The decline came after Commerce Minister Piyush Goyal indicated India would not rush into trade agreements with restrictive conditions, dampening hopes of an early India–US pact. Additionally, reports that the US is considering a fresh probe into China’s compliance with their 2020 trade deal triggered cautious sentiment. Trading activity was subdued, with NSE cash market volumes down 24% compared to the previous session.
Despite today’s decline, the Nifty extended its winning streak for the fourth consecutive week, adding 0.33% on a week-over-week basis.
Nifty 50 closed at 25,795.15, declining 96.25 points (-0.37%) from its previous close of 25,891.40.
Sensex ended at 84,211.88, down 344.52 points (-0.41%) versus 84,556.40 previously.

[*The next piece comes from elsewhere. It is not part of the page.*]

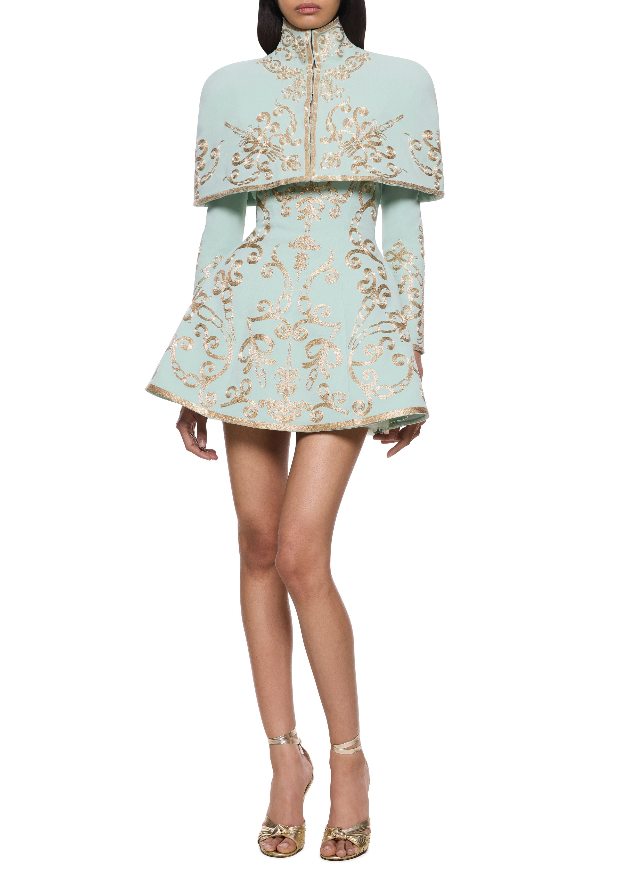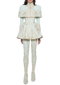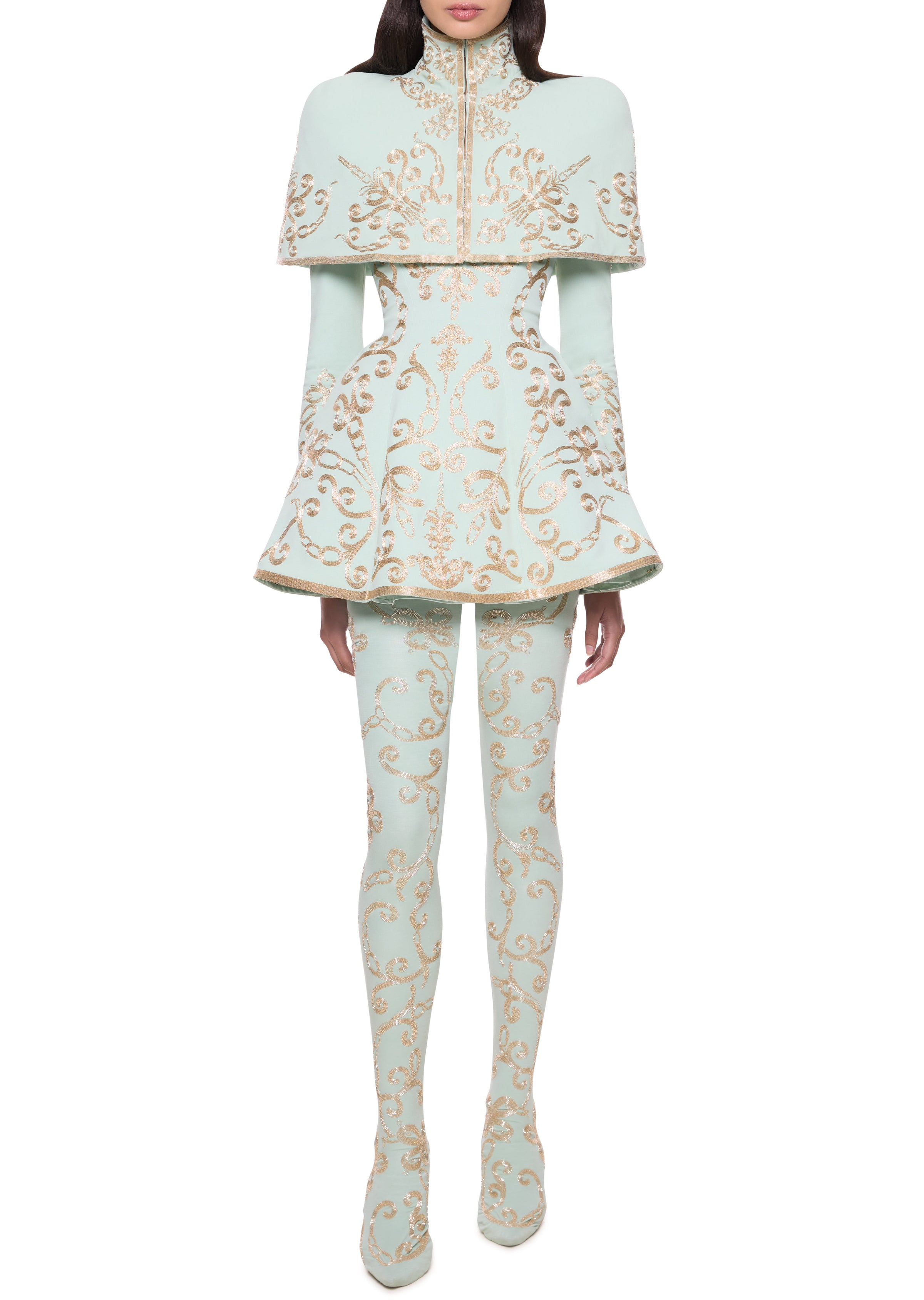 Designed on a soft powder blue base with a blend, its capelet and high collar echo the structured outerwear from these times. The ornate embroidery, reminiscent of Baroque decorative arts, is brought to life through golden thread work.

Bank Nifty settled at 57,699.60, falling 378.45 points (-0.65%) from 58,078.05.
Nifty IT closed at 35,986.35, down 92.30 points (-0.26%).
Nifty Midcap 100 ended at 59,231.20, declining 140.05 points (-0.24%).
Nifty Smallcap 100 closed at 18,253.35, lower by 38.10 points (-0.21%).
Sectoral performance was mixed, with metal stocks emerging as the standout performers even as broader markets corrected. The Nifty Metal index rose 1.20%, supported by strength in steel and aluminium names amid firm global commodity prices and expectations of infrastructure-led demand. Stocks such as Tata Steel, JSW Steel, and Hindalco contributed to the sector’s resilience.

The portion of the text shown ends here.